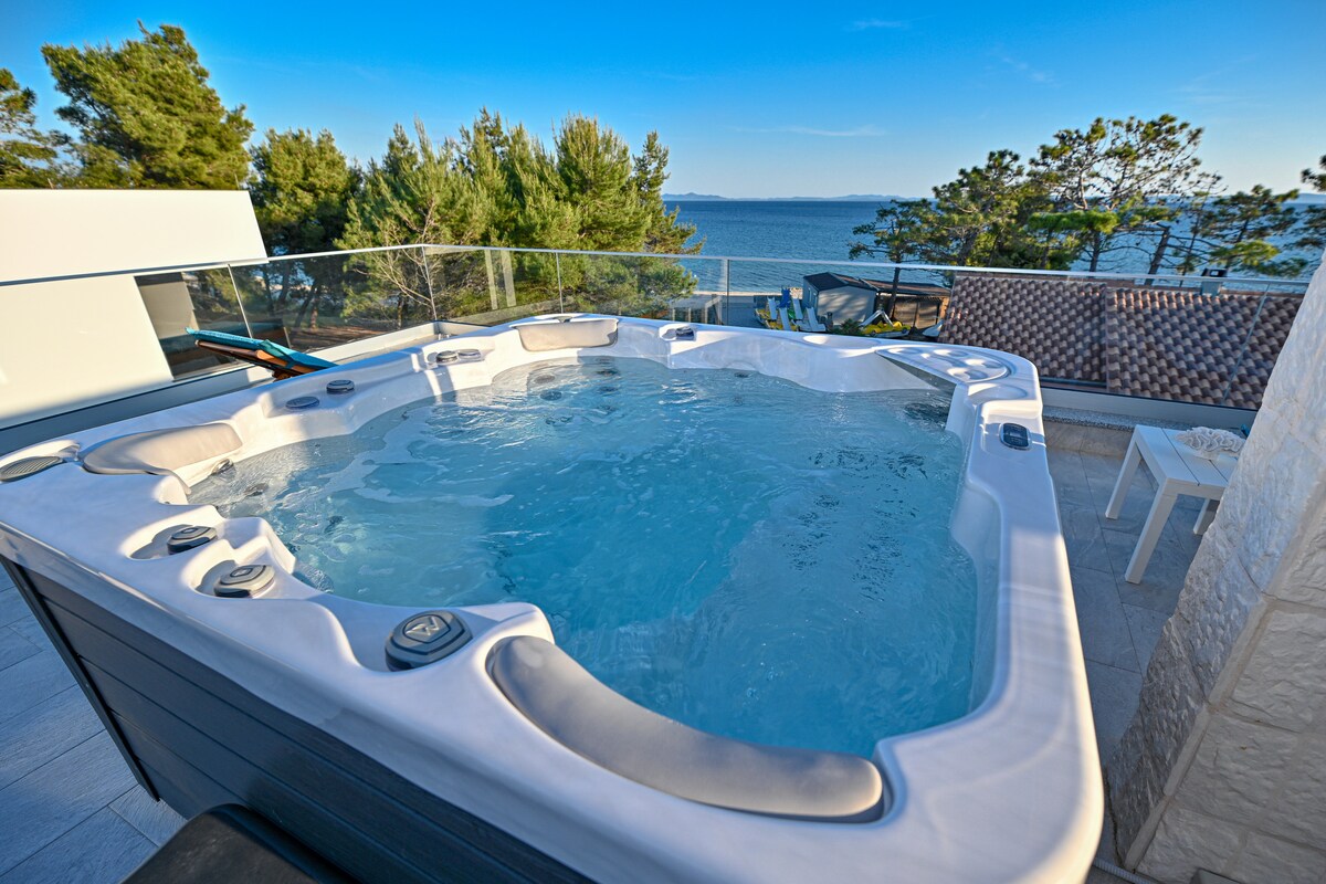 Vila na morju z masažno kadjo in ogrevanim bazenom
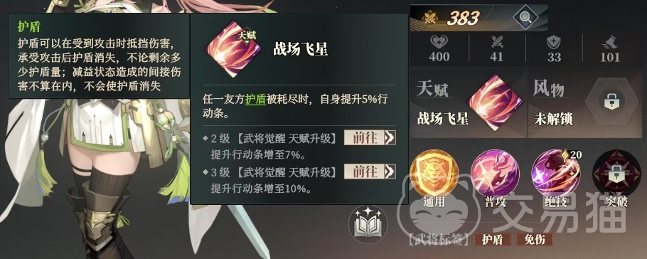 战场飞星这一天赋技能为张星彩增添了独特的战斗策略深度,其核心机制在于每当战场上有任一友方的护盾被敌人耗尽时,张星彩便能瞬间提升自身5%的行动条,使她能够更迅速地响应战局变化,调整位置或释放技能,为团队提供及时的支援或控制,随着武将觉醒的深入,这一天赋的效果也有一定的增强,达到2级武将觉醒天赋升级后,行动条的增加值提升至7%,而3级觉醒时,更是跃升至10%,也强化了张星彩在战场上的用处。
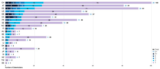 When a stakeholder was mentioned with different naming variations, the naming from their website or logotype was used. “Contact” and “impressum” pages were the source for the stakeholder’s country and city. For firms with multiple offices, the location of their corporate headquarters or main office was used. ISO 3166-1 alpha-2 country codes [53] are used throughout this study and in the stakeholders dataset.
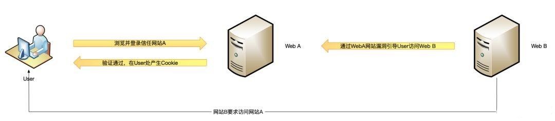 5.网站WebA接收到用户浏览器的请求,WebA无法分辨请求由何处发出,由于浏览器访问时带上用户的Cookie,因此WebA会响应浏览器的请求,如此一来,攻击网站WebB就达到了模拟用户操作的目的。
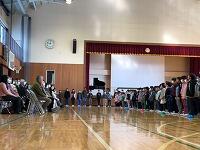 オープンスペースで、いつもと向きを変えて並ぶ6年生。
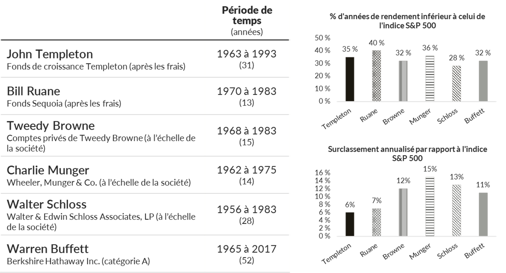 Source : Tweedy Browne Co., « 10 Ways To Beat An Index », 1998; Warren Buffett, « The super investors of Graham-and-Doddsville », Hermes, Fall 1984; and V. Eugene Shahan, « Are short-term underperformance and value investing mutually exclusive? », Hermes, printemps 1986. Rendements totaux en $US. Le rendement de l'investissement de Buffet est basé sur la variation de la valeur de marché par action des actions de classe A de Berkshire Hathaway Inc. L'indice S&P 500 est un indice large, pondéré en fonction de la capitalisation boursière, qui regroupe 500 des plus grandes et des plus importantes actions américaines.

════════

Aim of the exercise → Copy all the data exactly as written, but skip any picture.

Output for this exercise →
 Vila na morju z masažno kadjo in ogrevanim bazenom
 战场飞星这一天赋技能为张星彩增添了独特的战斗策略深度,其核心机制在于每当战场上有任一友方的护盾被敌人耗尽时,张星彩便能瞬间提升自身5%的行动条,使她能够更迅速地响应战局变化,调整位置或释放技能,为团队提供及时的支援或控制,随着武将觉醒的深入,这一天赋的效果也有一定的增强,达到2级武将觉醒天赋升级后,行动条的增加值提升至7%,而3级觉醒时,更是跃升至10%,也强化了张星彩在战场上的用处。
 When a stakeholder was mentioned with different naming variations, the naming from their website or logotype was used. “Contact” and “impressum” pages were the source for the stakeholder’s country and city. For firms with multiple offices, the location of their corporate headquarters or main office was used. ISO 3166-1 alpha-2 country codes [53] are used throughout this study and in the stakeholders dataset.
 5.网站WebA接收到用户浏览器的请求,WebA无法分辨请求由何处发出,由于浏览器访问时带上用户的Cookie,因此WebA会响应浏览器的请求,如此一来,攻击网站WebB就达到了模拟用户操作的目的。
 オープンスペースで、いつもと向きを変えて並ぶ6年生。
 Source : Tweedy Browne Co., « 10 Ways To Beat An Index », 1998; Warren Buffett, « The super investors of Graham-and-Doddsville », Hermes, Fall 1984; and V. Eugene Shahan, « Are short-term underperformance and value investing mutually exclusive? », Hermes, printemps 1986. Rendements totaux en $US. Le rendement de l'investissement de Buffet est basé sur la variation de la valeur de marché par action des actions de classe A de Berkshire Hathaway Inc. L'indice S&P 500 est un indice large, pondéré en fonction de la capitalisation boursière, qui regroupe 500 des plus grandes et des plus importantes actions américaines.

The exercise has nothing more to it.